◆ EXERCISE GOAL ◆
The full listing, written out exactly and without images, is the expected result.

###

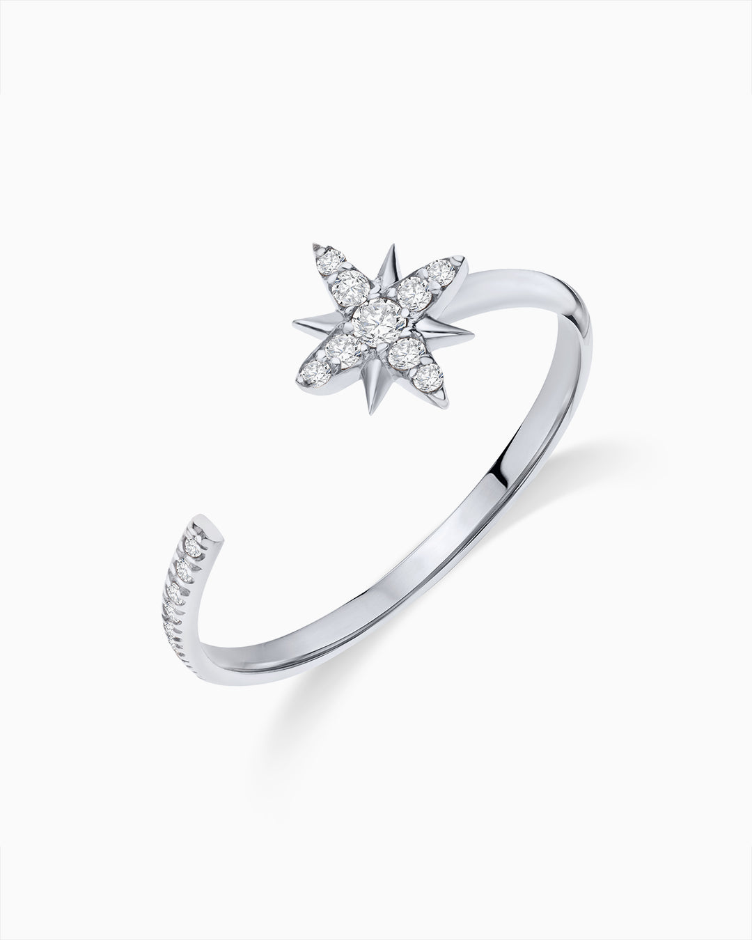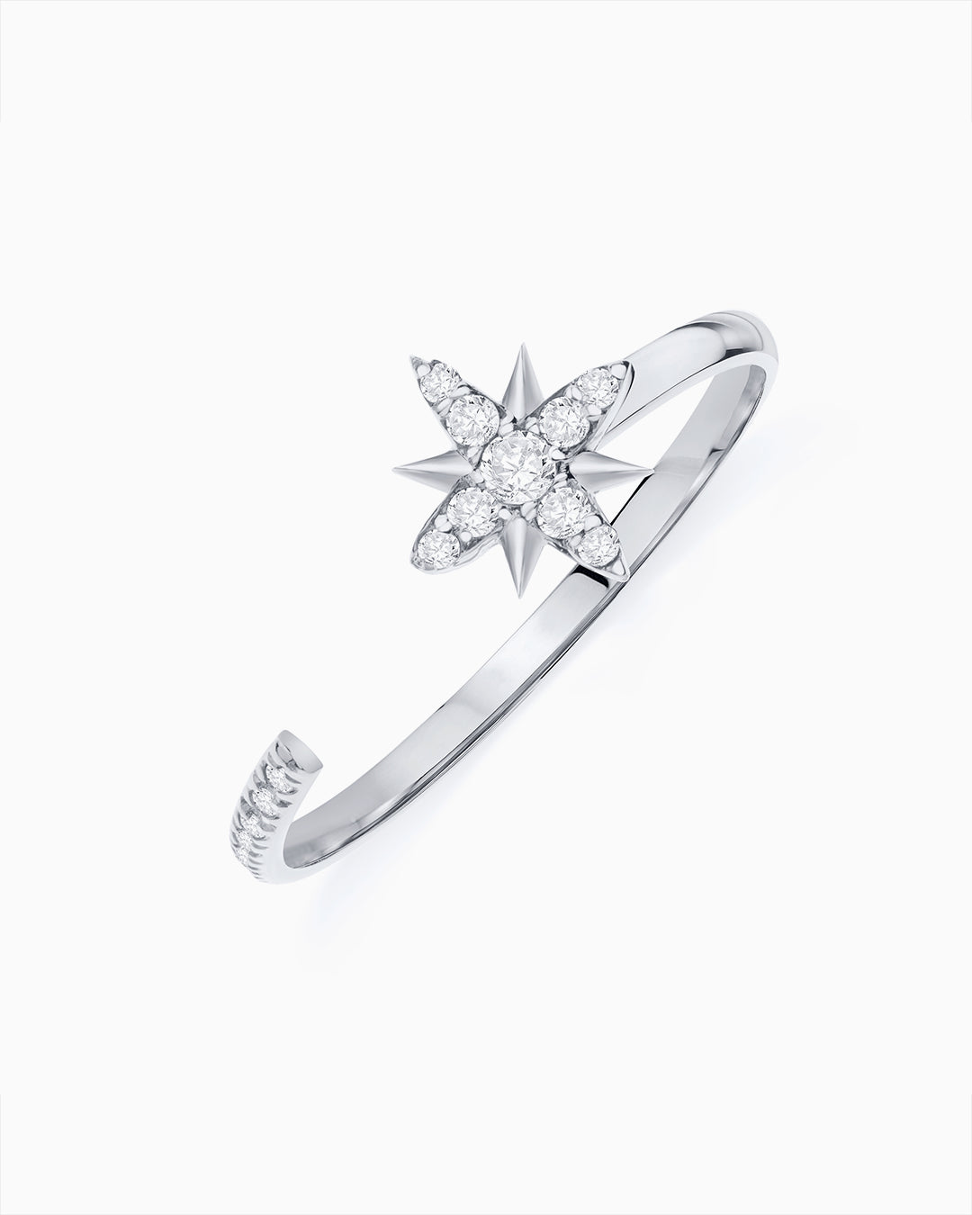 Sortija Rosa de los Vientos Open de diamantes montados en oro blanco de 18 Kt. La sortija Rosa de los Vientos Open completa la colección inspirada en el tradicional símbolo marinero reinterpretado a través de la esencia que caracteriza todas las joyas Mumit. Se trata de una sortija de estilo torques en la que en un extremo se encuentra el símbolo de la Rosa de los Vientos y en el extremo contrario un exquisito pavé de diamantes. Los diamantes, minuciosamente montados crean la forma de su flor de lis central, la pincelada final de una joya que brilla con luz propia. Al igual que todos los elementos de la colección, esta original sortija evoca la apertura de un horizonte jamás explorado.La sortija Rosa de los Vientos Open está disponible en dos versiones, oro rosa y blanco de 18 Kt.
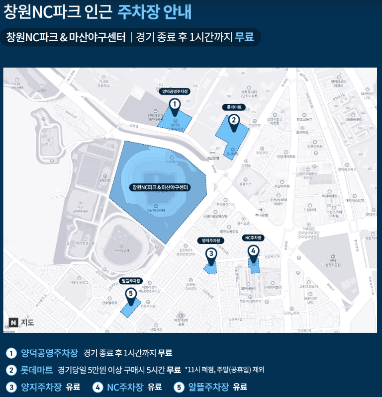 - 양덕 공영주차장 : 경기 종료 후 1시간까지 무료
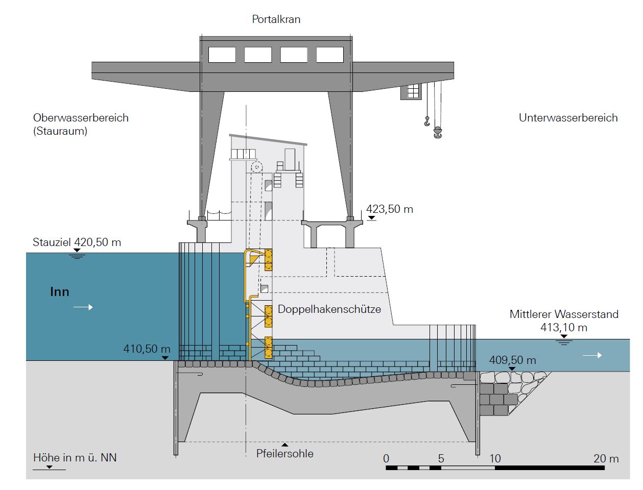 Das von 1935 bis 1938 von der Innwerk AG errichtete Kraftwerk Teufelsbruck stellt gemeinsam mit den gleichzeitig errichteten Stufen Wasserburg und Gars die erstmalige Verwendung des Buchtenkraftwerktyps am Inn dar. Im linksufrig an der Innenseite der Flussschleife situierten Krafthaus sind 5 Maschinensätze bestehend aus je 1 vertikalen Kaplan-Turbine und je 1 Drehstromgenerator eingebaut. Die 4 Wehrfelder sind 10 m hoch und 16 m breit.
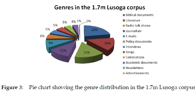 While a quarter of the Lusoga corpus deals with Religion, the inverse also means that three-quarters does not, which is fine given the usual bias in Bantu-language corpora. The topic Networking actually covers such varied items as newspaper texts, mailing-list messages, songs about networking, and even advertisements. The other topic labels are self-explanatory. The data is shown graphically in Figure 4.
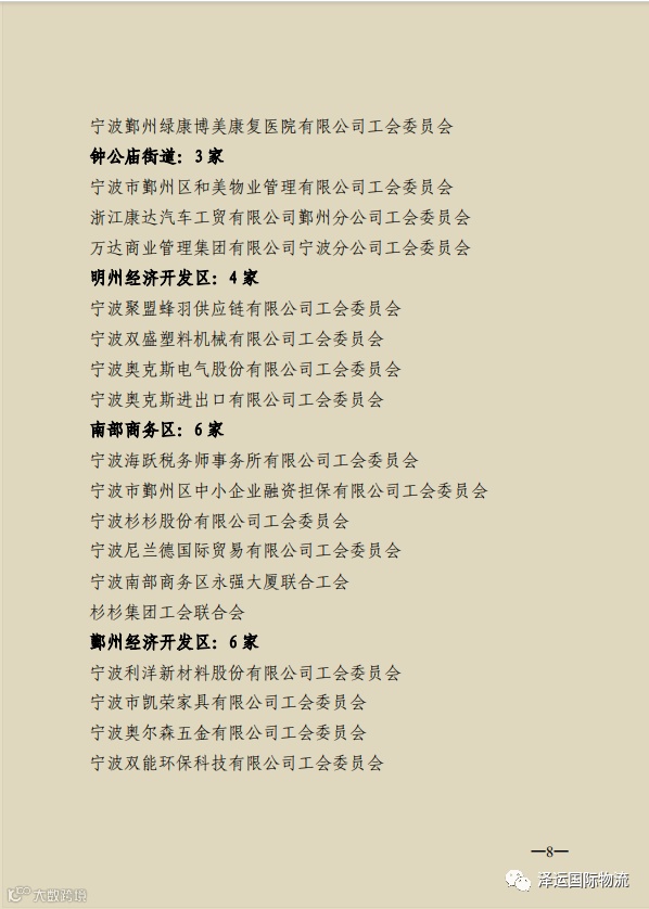 近日,宁波市鄞州区总工会公布了2022 年度宁波市四星级“活力基层工会”名单。宁波泽运国际物流有限公司工会委员会成功通过考核。
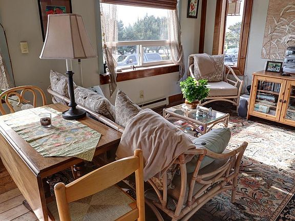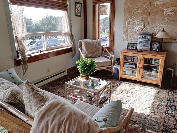 Location, Location, Location! This home which is located across from the Performing Art Center and the City Park is absolutely charming! Panoramic Ocean views from the Master Bedrooms wall of windows! The upstairs master bedroom/bath has been remodeled and there is a low step in shower. The main level also has an enclosed porch. The lower level has a little sitting area and bedroom, with an entrance from the outside. The back yard is very private and the storage shed with a little work would be a great space for a studio or potential Auxiliary Dwelling Unit (Check with the City for building permits and usage) Zoned Commercial so there are many potential uses. Walking distance to Nye Beach, shops, grocery store, and best of all it's only 2 blocks from the beach
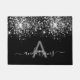 A stylish black background with faux silver glitter dust. Personalise and add your family name and monogram letter, initial. White and grey coloured letters. The name is written with a trendy hand lettered script with swashes. To keep the swashes only delete the sample name, leave the spaces or emoji's in front and after the name.
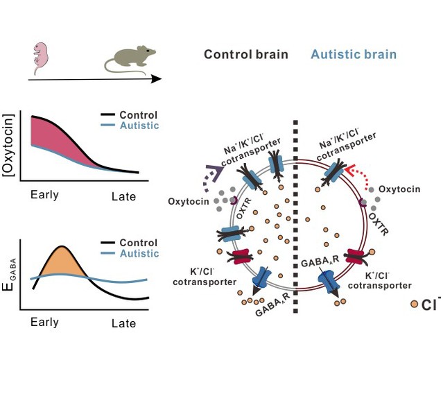 值得注意的是,这一发现与丙戊酸诱导和Fmr1基因敲除的两种经典ASD模型小鼠脑中缩宫素水平仅在出生后发育早期(出生后第1周)异常降低,而在发育晚期及成年阶段均无显著变化的现象相一致。进一步研究揭示,发育早期的缩宫素缺乏与ASD模型小鼠出生后的GABA极性转换障碍相关。在神经系统发育早期,GABA能信号会经历从兴奋性效应到抑制性效应的极性转换,这一过程对神经系统结构与功能的正常发育至关重要。然而,出生后早期,ASD模型小鼠的GABAA受体逆转电位较正常小鼠的GABAA受体逆转电位更负,并伴有Na+-K+-2Cl-共转运体(NKCC1)的表达下调(影响Cl-平衡电位)。若在该关键期内进行缩宫素干预,不仅可以恢复NKCC1表达和GABAA受体逆转电位,还能显著改善模型动物的孤独症样行为。然而,若错过此窗口期,在发育晚期进行缩宫素干预则不能产生改善效应。
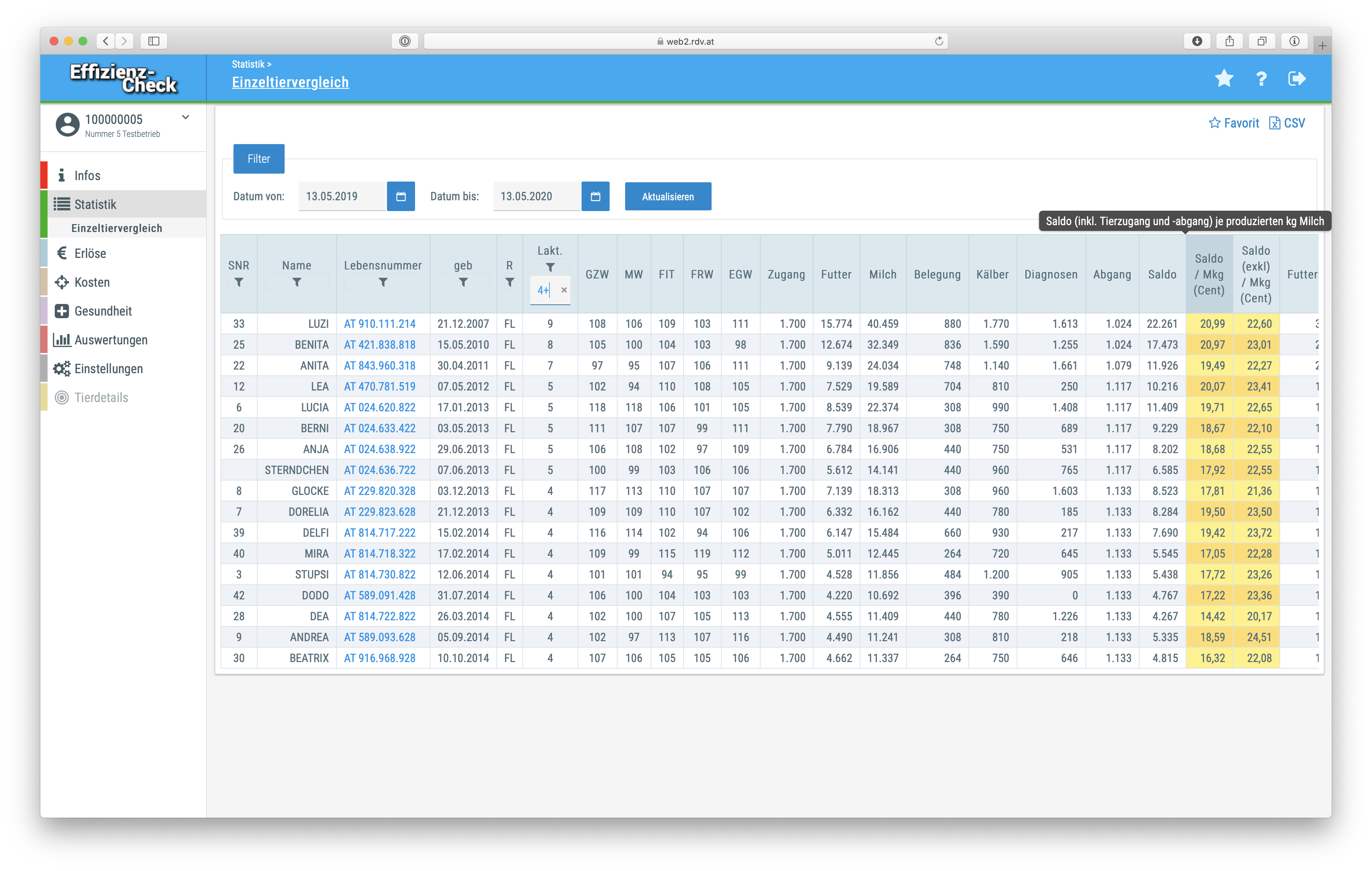 - Vergleich der Wirtschaftlichkeit aller Milchkühe am Betrieb unter Berücksichtigung von Erlösen aus Milch, Fleisch und Kälbern sowie Kosten aufgrund von Fütterung, Haltung, Fruchtbarkeit, Krankheiten und deren Folgen.
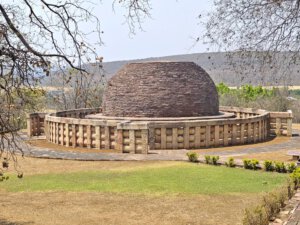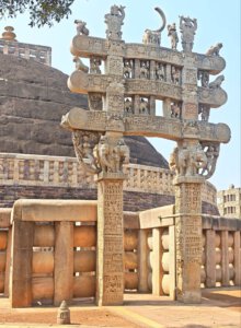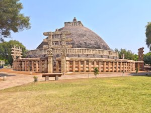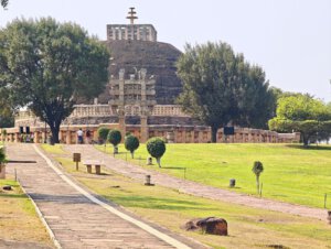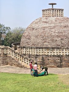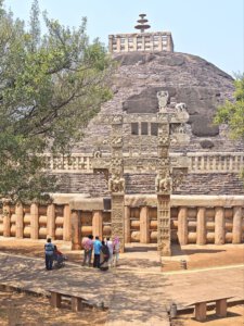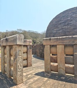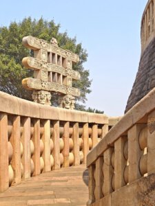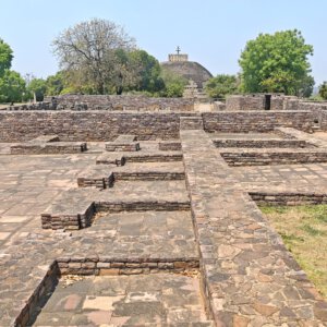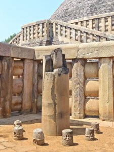Warum Kaiser Ashoka, glühender Buddha Verehrer, um das Jahr 250 vor Christus die Heiligtümer ausgerechnet hier, einem Platz der mit dem Leben des historischen Buddha nichts zu tun hat, bauen ließ ist nicht bekannt. Aber die Lage auf einem Hügel über dem weiten, flachen Land ist sehr schön. Da im Stupa No 2 Reliquien der ersten Schüler Buddhas gefunden wurden, ist davon auszugehen, dass sich in der großen Stupa No 1 Reliquien ihres Lehrers befinden. Die vier Tore zum Umgang dieses Stupa sind wunderschön gestaltet. Zwischen den drei größeren Stupas befinden sich weitere kleinere und eine Vielzahl Ruinen und Grundmauern von Tempeln und Klöstern aus den ersten Jahrhunderten vor und nach Christi Geburt. Nach dem Niedergang des Buddhismus in Indien im 12. Jahrhundert gerieten die Anlage, das Dorf und die Gegend in Vergessenheit. Und blieb so weitere fast tausend Jahre erstaunlich gut erhalten. Wieder ist die Ruhe und Gelassenheit der buddhistischen Heiligtümer zu spüren, eine andere Energie als in den mythisch aufgeladenen hinduistischen Tempeln.

###

◆ SOLUTION TO THIS PROBLEM ◆
 Sortija Rosa de los Vientos Open de diamantes montados en oro blanco de 18 Kt. La sortija Rosa de los Vientos Open completa la colección inspirada en el tradicional símbolo marinero reinterpretado a través de la esencia que caracteriza todas las joyas Mumit. Se trata de una sortija de estilo torques en la que en un extremo se encuentra el símbolo de la Rosa de los Vientos y en el extremo contrario un exquisito pavé de diamantes. Los diamantes, minuciosamente montados crean la forma de su flor de lis central, la pincelada final de una joya que brilla con luz propia. Al igual que todos los elementos de la colección, esta original sortija evoca la apertura de un horizonte jamás explorado.La sortija Rosa de los Vientos Open está disponible en dos versiones, oro rosa y blanco de 18 Kt.
 - 양덕 공영주차장 : 경기 종료 후 1시간까지 무료
 Das von 1935 bis 1938 von der Innwerk AG errichtete Kraftwerk Teufelsbruck stellt gemeinsam mit den gleichzeitig errichteten Stufen Wasserburg und Gars die erstmalige Verwendung des Buchtenkraftwerktyps am Inn dar. Im linksufrig an der Innenseite der Flussschleife situierten Krafthaus sind 5 Maschinensätze bestehend aus je 1 vertikalen Kaplan-Turbine und je 1 Drehstromgenerator eingebaut. Die 4 Wehrfelder sind 10 m hoch und 16 m breit.
 While a quarter of the Lusoga corpus deals with Religion, the inverse also means that three-quarters does not, which is fine given the usual bias in Bantu-language corpora. The topic Networking actually covers such varied items as newspaper texts, mailing-list messages, songs about networking, and even advertisements. The other topic labels are self-explanatory. The data is shown graphically in Figure 4.
 近日,宁波市鄞州区总工会公布了2022 年度宁波市四星级“活力基层工会”名单。宁波泽运国际物流有限公司工会委员会成功通过考核。
 Location, Location, Location! This home which is located across from the Performing Art Center and the City Park is absolutely charming! Panoramic Ocean views from the Master Bedrooms wall of windows! The upstairs master bedroom/bath has been remodeled and there is a low step in shower. The main level also has an enclosed porch. The lower level has a little sitting area and bedroom, with an entrance from the outside. The back yard is very private and the storage shed with a little work would be a great space for a studio or potential Auxiliary Dwelling Unit (Check with the City for building permits and usage) Zoned Commercial so there are many potential uses. Walking distance to Nye Beach, shops, grocery store, and best of all it's only 2 blocks from the beach
 A stylish black background with faux silver glitter dust. Personalise and add your family name and monogram letter, initial. White and grey coloured letters. The name is written with a trendy hand lettered script with swashes. To keep the swashes only delete the sample name, leave the spaces or emoji's in front and after the name.
 值得注意的是,这一发现与丙戊酸诱导和Fmr1基因敲除的两种经典ASD模型小鼠脑中缩宫素水平仅在出生后发育早期(出生后第1周)异常降低,而在发育晚期及成年阶段均无显著变化的现象相一致。进一步研究揭示,发育早期的缩宫素缺乏与ASD模型小鼠出生后的GABA极性转换障碍相关。在神经系统发育早期,GABA能信号会经历从兴奋性效应到抑制性效应的极性转换,这一过程对神经系统结构与功能的正常发育至关重要。然而,出生后早期,ASD模型小鼠的GABAA受体逆转电位较正常小鼠的GABAA受体逆转电位更负,并伴有Na+-K+-2Cl-共转运体(NKCC1)的表达下调(影响Cl-平衡电位)。若在该关键期内进行缩宫素干预,不仅可以恢复NKCC1表达和GABAA受体逆转电位,还能显著改善模型动物的孤独症样行为。然而,若错过此窗口期,在发育晚期进行缩宫素干预则不能产生改善效应。
 - Vergleich der Wirtschaftlichkeit aller Milchkühe am Betrieb unter Berücksichtigung von Erlösen aus Milch, Fleisch und Kälbern sowie Kosten aufgrund von Fütterung, Haltung, Fruchtbarkeit, Krankheiten und deren Folgen.
Warum Kaiser Ashoka, glühender Buddha Verehrer, um das Jahr 250 vor Christus die Heiligtümer ausgerechnet hier, einem Platz der mit dem Leben des historischen Buddha nichts zu tun hat, bauen ließ ist nicht bekannt. Aber die Lage auf einem Hügel über dem weiten, flachen Land ist sehr schön. Da im Stupa No 2 Reliquien der ersten Schüler Buddhas gefunden wurden, ist davon auszugehen, dass sich in der großen Stupa No 1 Reliquien ihres Lehrers befinden. Die vier Tore zum Umgang dieses Stupa sind wunderschön gestaltet. Zwischen den drei größeren Stupas befinden sich weitere kleinere und eine Vielzahl Ruinen und Grundmauern von Tempeln und Klöstern aus den ersten Jahrhunderten vor und nach Christi Geburt. Nach dem Niedergang des Buddhismus in Indien im 12. Jahrhundert gerieten die Anlage, das Dorf und die Gegend in Vergessenheit. Und blieb so weitere fast tausend Jahre erstaunlich gut erhalten. Wieder ist die Ruhe und Gelassenheit der buddhistischen Heiligtümer zu spüren, eine andere Energie als in den mythisch aufgeladenen hinduistischen Tempeln.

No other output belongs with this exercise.